でも、希望して裁判長から許可を貰えれば当事者同士で会話もできる。
和解なんて無理だから、ミシェルともロン様とも裁判で決着を付ける。
意気込んでいると、フェリックス様が話し始めた。
「それから、勝手ながら向こうで色々と調べてきた」
「……どんなことをでしょうか」
尋ねると、彼の後ろに立っていたフェリックス様の側近が鞄から書類の束を取り出した。
「リグマ伯爵が伯爵令息だった時の周りの証言です」
差し出された書類を受け取って目を通す。
そこにはロン様が私に迷惑行為をしていたという多くの証言だった。
しかも、それは私が気づきにくいものだった。
エルンベル伯爵家から出たゴミを全て受け取り、その中から私が出したりものらしきゴミを探して取り出していた。
そして、それをコレクションにしているという証言だった。
「最悪だわ」
呟いたあと、フェリックス様にお礼を言う。
「ありがとうございます。

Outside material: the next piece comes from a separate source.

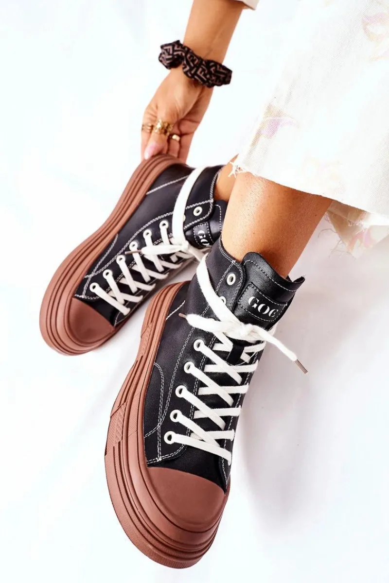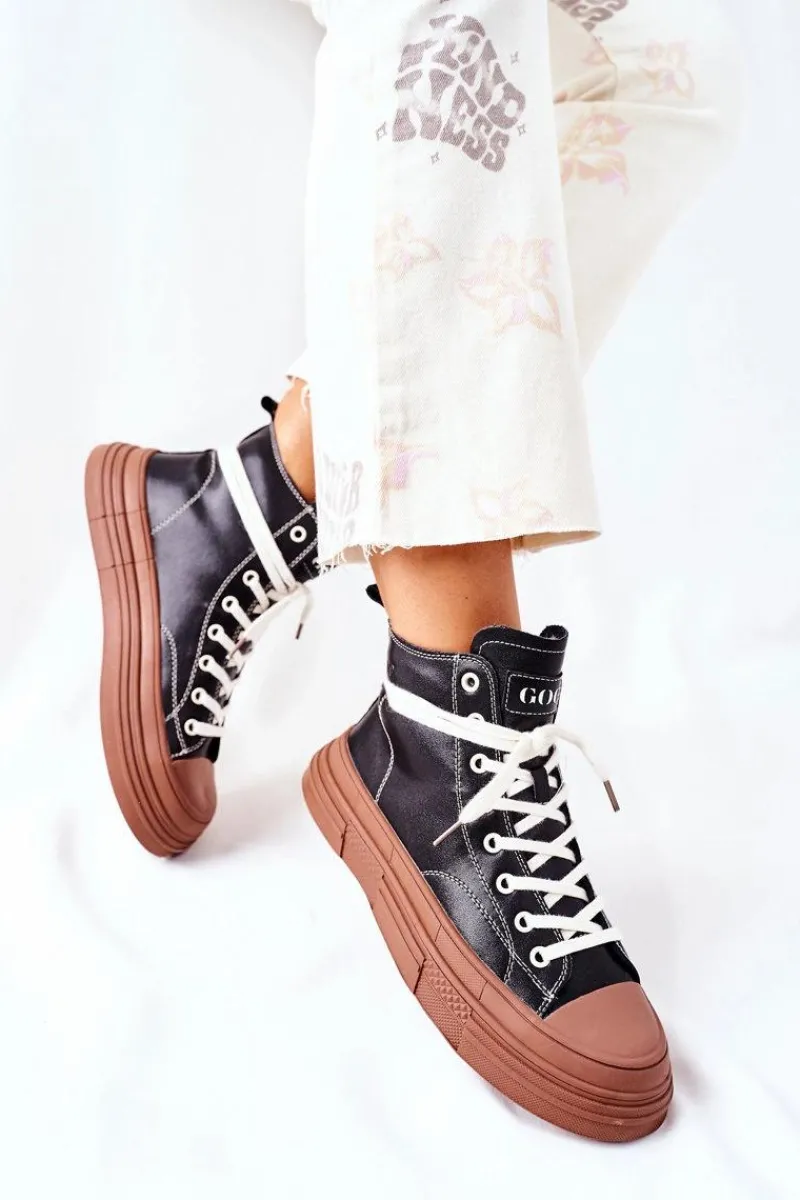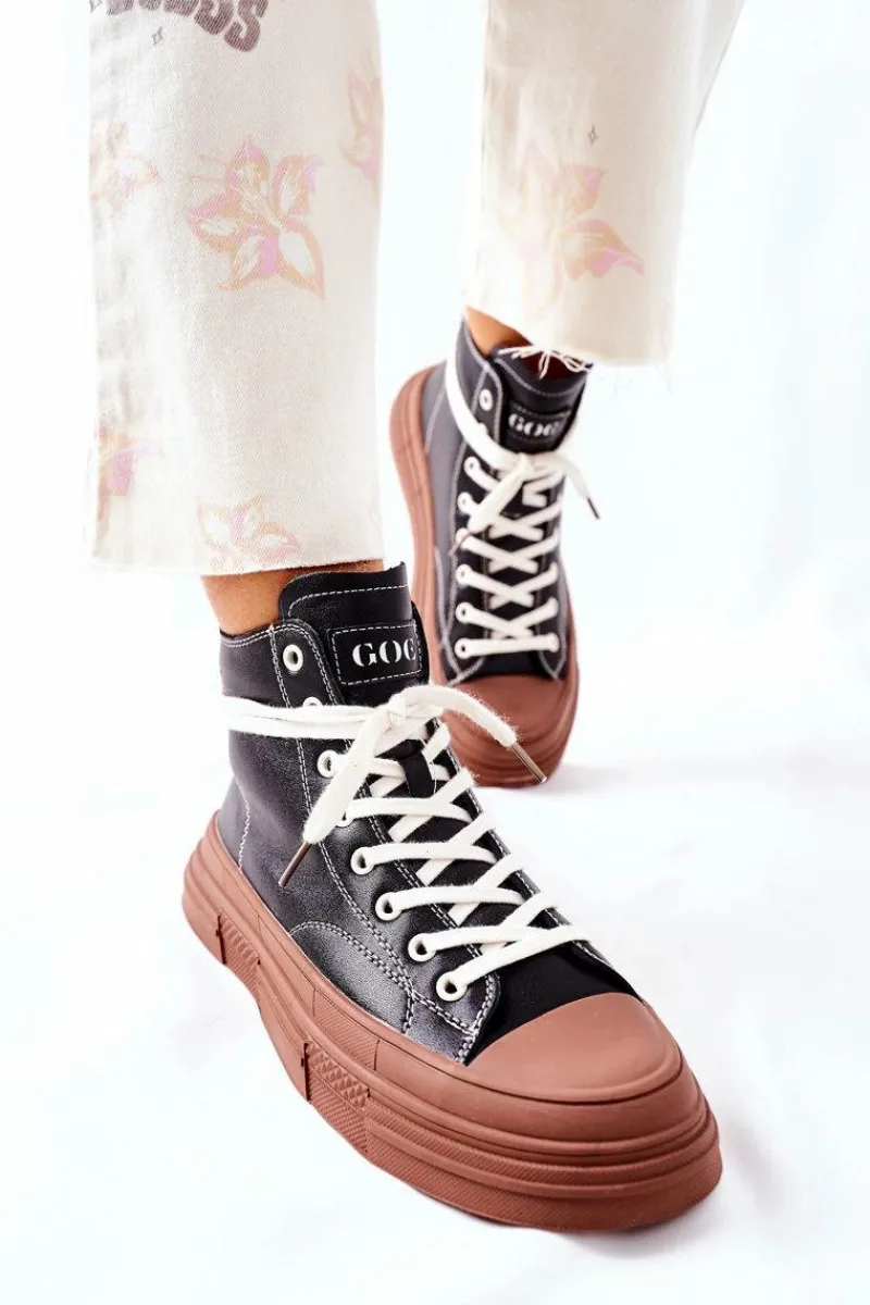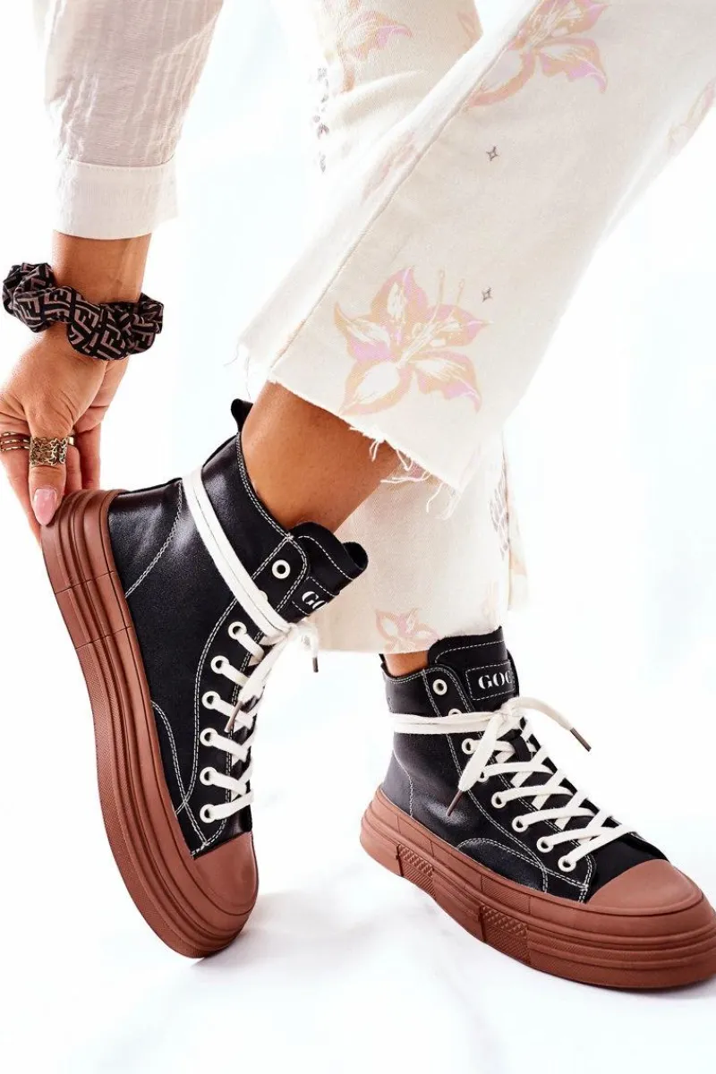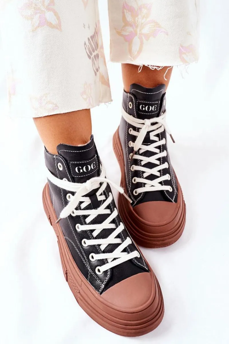 Jeśli szukasz idealnych trampek, to firma GOE ma coś specjalnego! Wysokie trampki, ocieplone wewnątrz kożuszkiem, sięgające aż za kostki. Model klasycznie sznurowany. Buty w całości zostały wykonane z naturalnej skóry licowej. Góra cholewki delikatnie docieplona grubym, sztucznym futerkiem. Dodatkowym atutem jest solidna, antypoślizgowa podeszwa. Przy wyborze rozmiaru prosimy sugerować się tabelą rozmiarów.

これも有利な証言になると思います」
「でも、シェリル、これってもしかしたら、今でもリグマ伯爵邸にあるかもしれなくってよ。そう思だけで私は気持ち悪いですわ」
ミオ様が眉尻を下げて言った。
気持ち悪いと思うのは私も同じだ。
裁判でこの話をすれば、全部処分するようにと判決内容に加えてもらえそうな気がするわ。
この話をすぐにでも伝えたかったので、トーマツ先生にエイト公爵邸に来てもらうようにお願いした。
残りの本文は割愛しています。